Prescription diversion and drug abuse

Would allowing patients to grow and use their own marijuana increase the supply of pot to the illicit market?

Eugene Volokh questions an argument of Justice Thomas, dissenting in Ashcroft v. Raich, that allowing patients to grow their own pot would not lead to substantial leakage into the illicit market. Justice Thomas cites amphatamines and morphine as examples; Eugene says “I had thought that prescription narcotics often do make their way into the illegal markets… the availability of prescriptions has undermined the broad prohibitory goals of the Act.”

The answer is: It depends, both on the rigor of controls on prescription drugs and on the availability of non-pharmaceutical supplies of the drug in question or substitutes for it.

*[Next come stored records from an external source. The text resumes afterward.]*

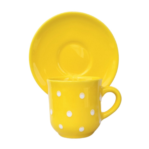 Sárga alapon fehér pöttyös Kávés bögre és kistányér Űrméret: 2 dl Kistényér átmérő: 13,5 cm Bevonat: Károsanyag mentes,fényes máz. Készült: Égetéssel 1030 C-on Űrméret: 2,0 dl Mosogatógépben és mikróban is használható. Termék adatai Anyaga: kerámia Sz
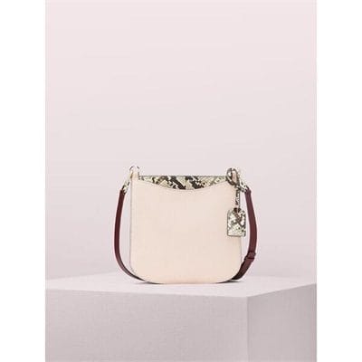 Description: our margaux embossed snake large crossbody is defined by its curved feminine silhouette and functional interior. made from refined grain and snakeskin-embossed leather, it features two slip pockets on the outside with even more storage space inside. the adjustable crossbody strap has pretty, jewelry-like hardware. and the leather luggage tag is finished with an enamel spade, our signature mark.
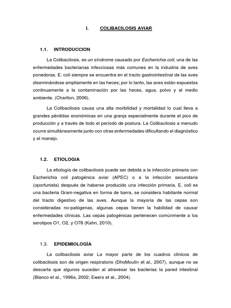 ponedoras. E. coli siempre se encuentra en el tracto gastrointestinal de las aves
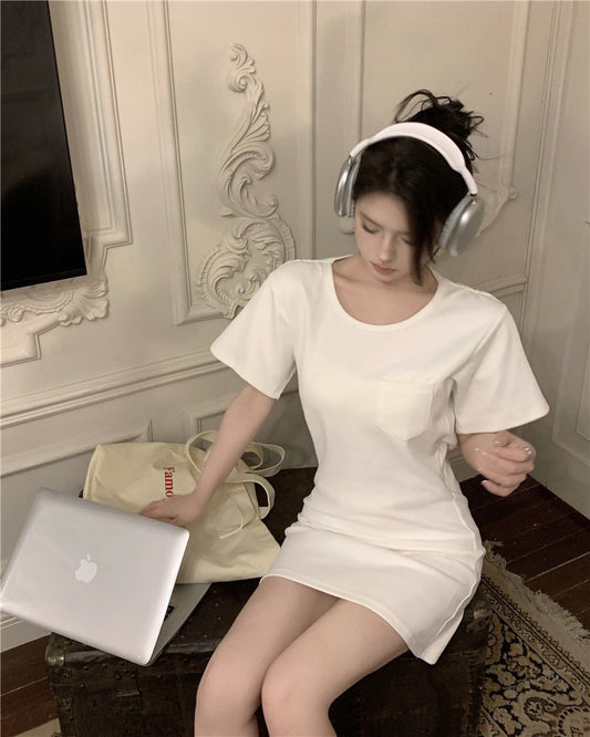 Na+ 鬆弛感收腰口袋T shirt裙 白/黑

Dexamphtamine used to leak massively from the prescription market into the illicit market; in 1970, three times as much amphetamine was legally produced and sold by pharmaceutical companies as was prescribed that year by physicians. Moving amphetamine to Schedule II, and the imposition of triplicate prescriptions and other measures to control retail-level diversion by some states, largely dried up that market. (Those controls also, of course, led to the development of a huge market for illicitly-produced methamphetamine; it’s quite possible, though not certain, that the net result of tightening controls on the diversion of prescription amphetamine was to create a larger drug abuse problem than would otherwise have existed.)

Morphine doesn’t leak much because there’s not much illicit demand for it, but hydromophone (dilaudid) and miperidine (Demerol) are much sought-after as heroin substitutes.

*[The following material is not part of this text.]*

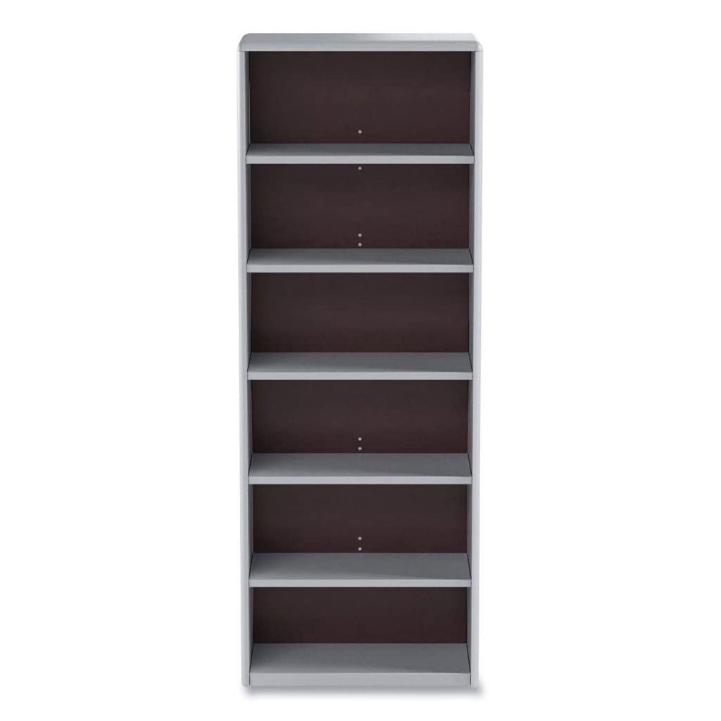 A workspace organizer with steel-constructed shelves and exterior. With a fiberboard backing, the bookshelf offers 12 deep bookshelves that can adjust in 1 increments during assembly. Plastic, snap-in radius corners provide speedy assembly. Fixed bottom and top shelves.

The semi-synthetic opioids hydrocodone (Vicodin) and oxycodone (Percodan, Oxycontin)have thriving diversion markets. The diverted opioids have created opiate-abuse problems in places the strictly illicit heroin markets don’t reach, so it’s certainly fair to say that diversion in that case has been the source of a significant amount of drug abuse that otherwise wouldn’t be happening. The same is true of the benzodiazepine “minor tranquilizers” (anxiolyitics) such as Valium and Xanax.

The harder a drug is to make in an illicit lab, the greater the possible contribution to drug abuse of making it licitly available. Methamphetamine is easy to cook from easily-available precursors; heroin is moderately easy to make, but only if you have a supply of opium; oxycodone simply isn’t a backyard chemical.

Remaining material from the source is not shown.